LNJ - Experts say it starts with soil
Loving food means nurturing the ground it grows from, local farmers and gardeners are saying.
"We're just now seeing dung beetles," Jerica Cadman said, describing one of this year's accomplishments on the certified natural growth farm and ranch she and her husband operate.
LeTourneau University graduates Matt and Jerica Cadman are taking an ancient route to modern agri-business. They're turning the land they lease from friend and mentor Pat Stevens into a small business and feeding a budding locavore movement. Locavores dedicate themselves to finding and eating only locally produced foods, like the milk and grass-fed beef the Cadmans produce.
Jerica, a welding/materials joining degree holder, chiefly works two gardens while mechanical engineer Matt oversees 50 cattle and nine pastured pigs. The wife milks the couple's dairy cows each morning and also helps herd the livestock from pasture to pasture in a practice called management intensive grazing. The pasture management method develops topsoil, they said.
"It's also called mob grazing," Matt said. "What we're trying to do is model what the buffalo used to do. You'd have a herd of thousands of buffalo come through a place, with prairie grass that was 5 feet tall, shoulder to shoulder, and they would graze that area of the ground."
Rather than allowing livestock to graze great swaths of landscape, where they inevitably devour and trample lush areas, the Cadmans graze their cattle less than two acres at a time.
That way, the animals eat weeds they otherwise would pick around in a larger pasture. Root matter dies as the cattle trample the tight area, and grass eventually takes over the pasture.
"And (the soil) is just teeming with microbes and life," Matt added.

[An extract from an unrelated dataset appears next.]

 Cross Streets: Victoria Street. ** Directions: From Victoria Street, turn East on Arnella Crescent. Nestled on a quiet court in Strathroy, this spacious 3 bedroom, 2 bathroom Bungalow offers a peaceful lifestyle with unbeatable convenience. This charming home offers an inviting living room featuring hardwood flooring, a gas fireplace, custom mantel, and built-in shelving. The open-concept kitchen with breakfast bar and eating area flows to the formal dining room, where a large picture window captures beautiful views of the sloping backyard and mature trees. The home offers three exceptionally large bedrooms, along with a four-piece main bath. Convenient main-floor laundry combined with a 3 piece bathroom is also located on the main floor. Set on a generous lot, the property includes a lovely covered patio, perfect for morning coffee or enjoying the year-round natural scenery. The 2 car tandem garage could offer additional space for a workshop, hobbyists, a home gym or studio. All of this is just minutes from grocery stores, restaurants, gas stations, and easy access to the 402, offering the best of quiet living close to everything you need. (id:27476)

Ranchers often will lure cattle to a new pasture by rattling a bucket of feed, sometimes called shaking the cake, but the Cadmans don't let their cattle eat cake. They don't have a problem moving their herd without that incentive, though.

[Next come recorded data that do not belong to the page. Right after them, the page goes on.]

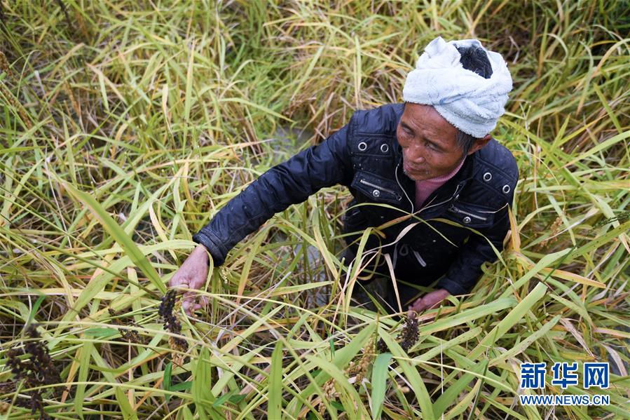 10月17日,在貴州省黔東南苗族侗族自治州從江縣高增鄉(xiāng)占里村,村民在收割香禾糯稻谷。 金秋時(shí)節(jié),農(nóng)民們忙著收獲成熟的農(nóng)作物,喜迎豐收。 新華社記者陳曄華攝
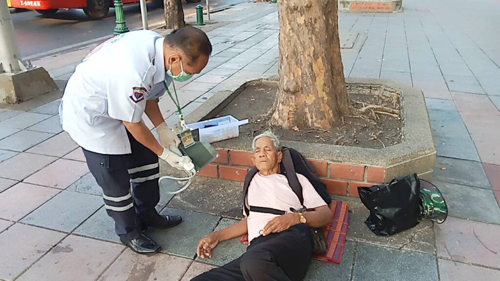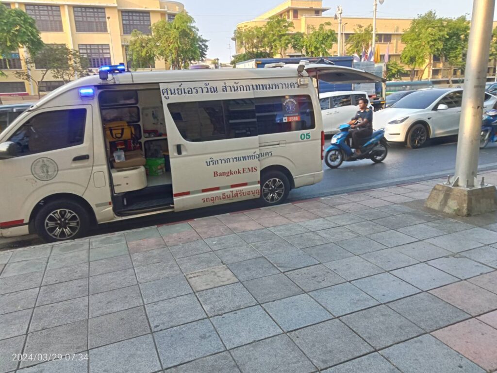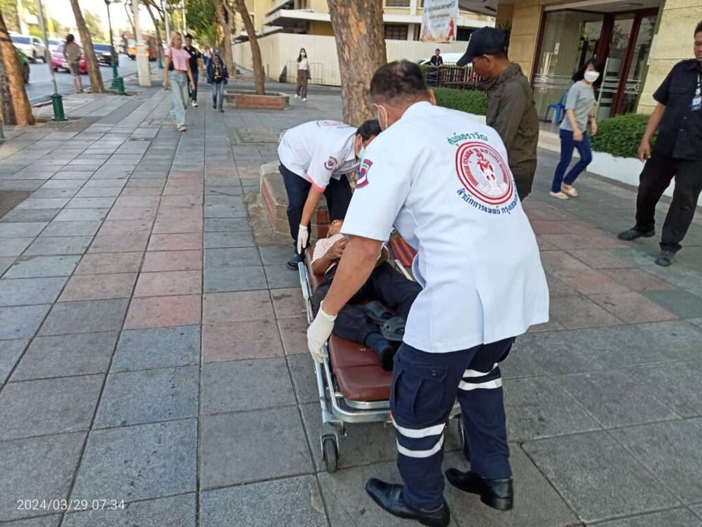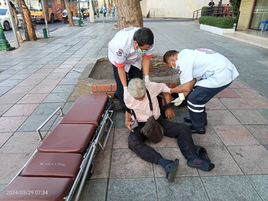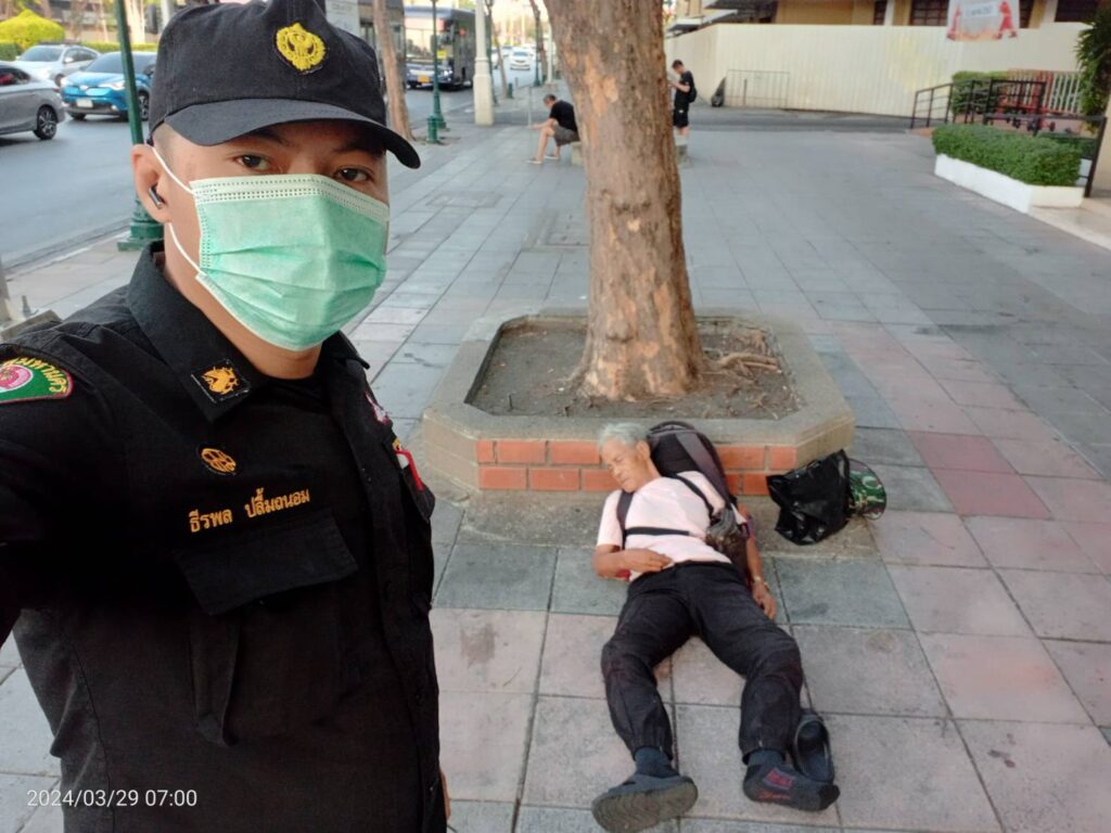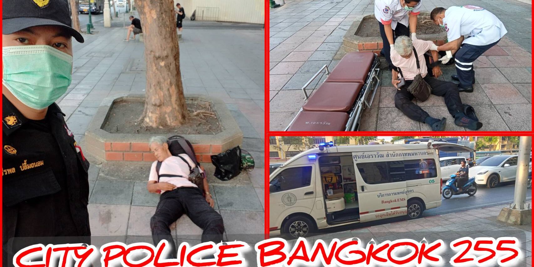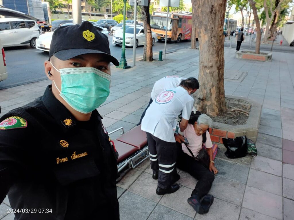เบื้องต้นจากการลงพื้นที่วันนี้ พบ ชายไทยไม่ทราบชื่อ นอนป่วยบนบาทวิถีฝ่าฝืน 1 ราย จากการซักถามทราบว่า มีอาการมึนหัวหน้ามืด อาเจียน ลุกเดินไม่ไหว ต่อมา สายตรวจเทศกิจชุด255 จึงได้โทรประสาน 1669 ส่งเรื่องให้ รถกู้ชีพโรงพยาบาลใกล้เคียงมาตรวจสอบเเละรับตัวไปรักษาต่อไผ #เหตุการณ์ทั่วไปปกติ.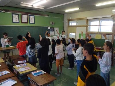 児童会のみなさんを中心に演じた劇を見てもらい、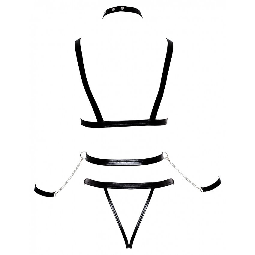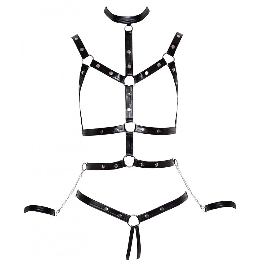 Stil cu hamuri seducătoare și cătușe! Set seducător și elegant, făcut ca un ham cu știfturi. Este alcătuit din două bucăți, există lanțuri scurte cu cătușe înguste la capătul lor care sunt conectate de corp. Ținuta sublimă pentru neexperimentați și experți în jocuri de obraznice obraznice. Materialul finit este fabricat dintr-un material flexibil si se potriveste marimilor S si M.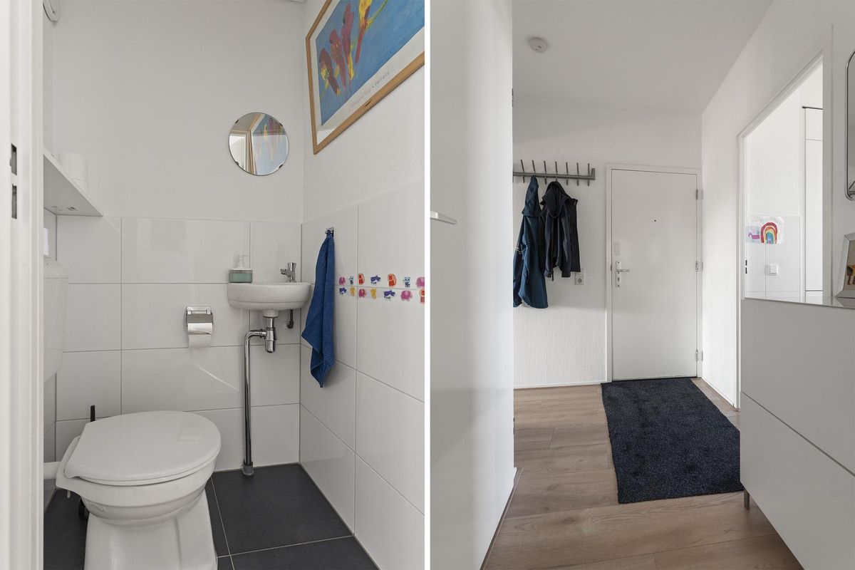 Het complex heeft een nette, gezamenlijke entree met brievenbussen, intercom en toegang tot je eigen berging. Van hieruit kun je met de trap of een van de liften naar boven.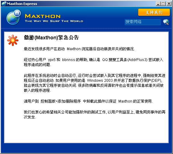 提醒各位网友注意,遨游 的一个重要公告!傲游(Maxthon)紧急公告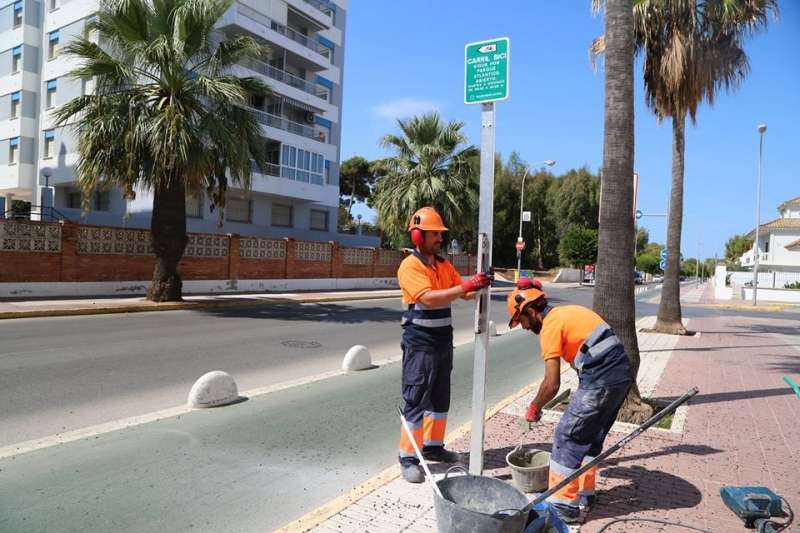 El Ayuntamiento mejora la señalización del carril bici del paseo marítimo

"Oh, no," Matt said. "In fact, it's an incredible process to watch. We've got about 50 cattle, and basically we go out and moo at them. And they moo back, all in unison, and you open the gate and they go right at it."
Fertilizer kills helpful organisms in grazing fields, so halting its use encourages the return of dung beetles that eat those organisms. Jerica described the insects like ecological elevator operators, carrying nutrient-rich dung into the ground and bringing dirt back up to the surface.

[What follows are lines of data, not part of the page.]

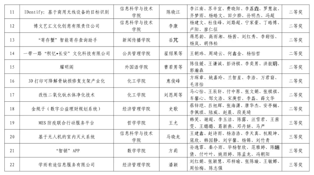 根据《金年会诚信信誉至上关于举办2019年“创青春”大学生创业大赛的通知》安排,本次大赛共计收到来自20个院(系)和单位的264个参赛项目(含疫情防控直通项目),直接参赛师生2000余人。经院(系)预赛、校级复赛和校级决赛,金年会官网一共获奖两项,具体如下: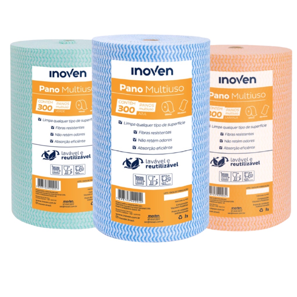 Pano Multiuso Inoven Tipo Perfex 20x40cm Rolo 240m Limpeza - Promoção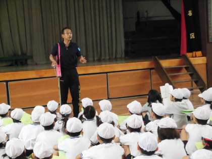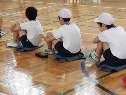 遠足では、なかよし班のグループを活用して、グループ行動をします。安全には十分に気をつけるよう担任から話がありました。引率教職員で公園内を巡回します。子供たちには水筒などを利用して防犯ブザーを身につけるよう話がありました。3・4年生の保護者の皆様におかれましては、当日の防犯ブザー着用にご協力のほどお願いいたします。今日も、安全対応の一つとして防災頭巾を体育館に持参しています。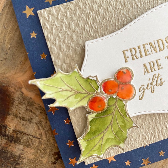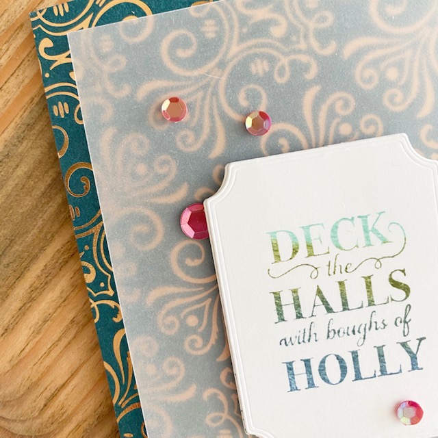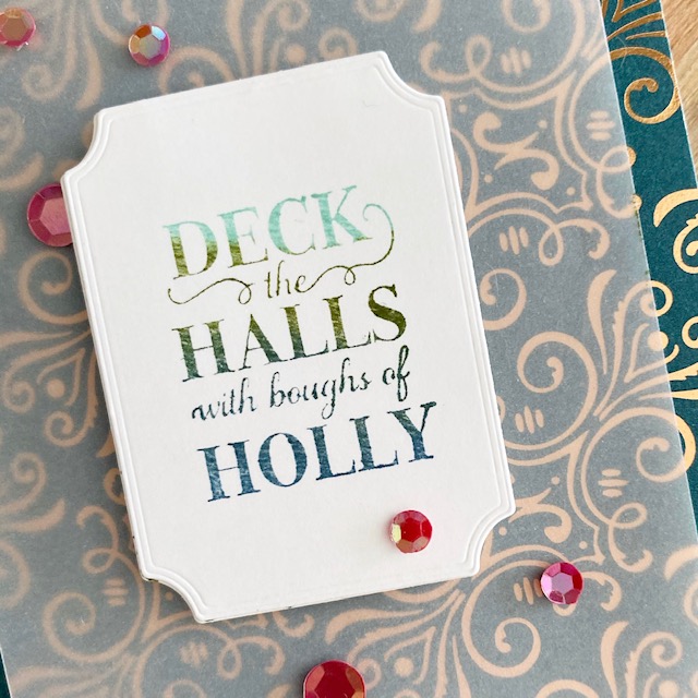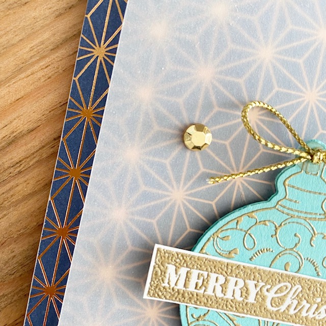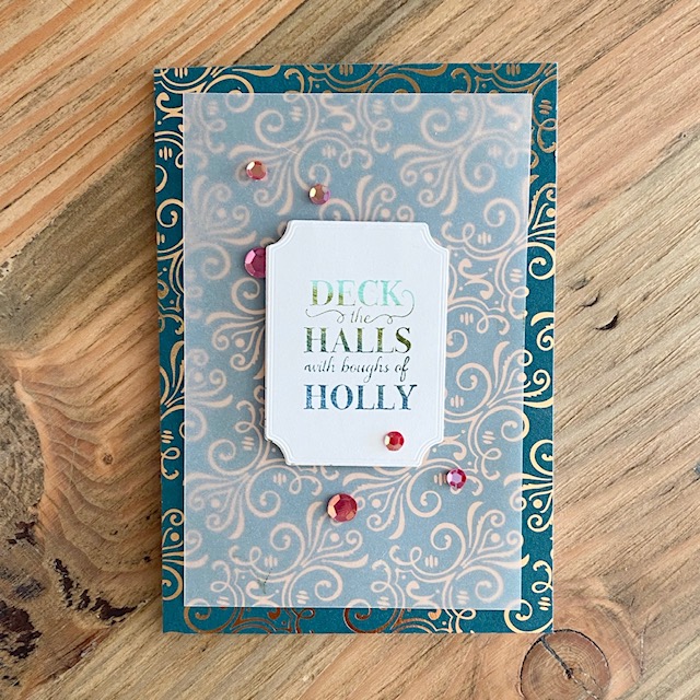 I found that the Gold Stampin’ Emboss Powder works perfectly with the Copper foiled paper and as shown previously on this card. So does the Gilded Gems.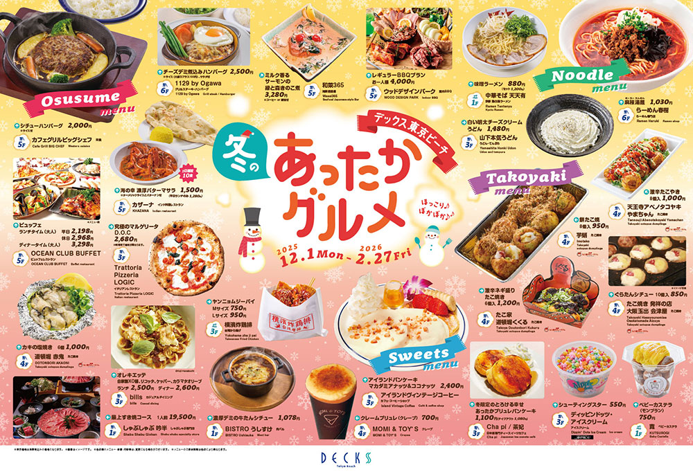 2025年12月1日(月)~2026年2月27日(金)の期間中、「デックス東京ビーチ 冬のあったかグルメ」を開催します。

Ducks and geese keep the bug population down in Jerica's gardens. Poultry eat fly larvae, and orange oil repulses ants from poison-free gardens, she said.
A friend of the Cadmans, Carole Ramke, has advice for novices who want to give their garden a topsoil advantage.
"The first thing I would tell you is, if you're going to garden in your yard, you need to get a soil test," she said. "Find out what nutrients are available for the plant. You send off a cup or two of soil to a testing lab."
Soil sample kits are available from local county extension agents. The kit is free but there is a fee, usually $10, for getting a soil analysis.
She has more dirty advice.
"Don't ever buy topsoil," the retired law office manager said. "The topsoil you get will have weed seeds, and it's no better than what you already have in there. What you want to do is add compost and the recommended organic (ingredients) to improve the soil that you already do have."
She said it's OK to turn the dirt over by tilling the first year only, after which it's critical to let the earthworms and natural microbes do their thing.
"It's a soil-food web," she said. "The (microbial) life in the soil feeds the plants minerals and nutrients in exchange for the sugars that the plant develops through photosynthesis. It's a symbiotic relationship. ... Everything eats something else it's a soil-food web that's interdependent. So, if you put in anything with 'cide' on it herbicide, fungicide you're killing the problems, but you're also killing all of your helpers down there."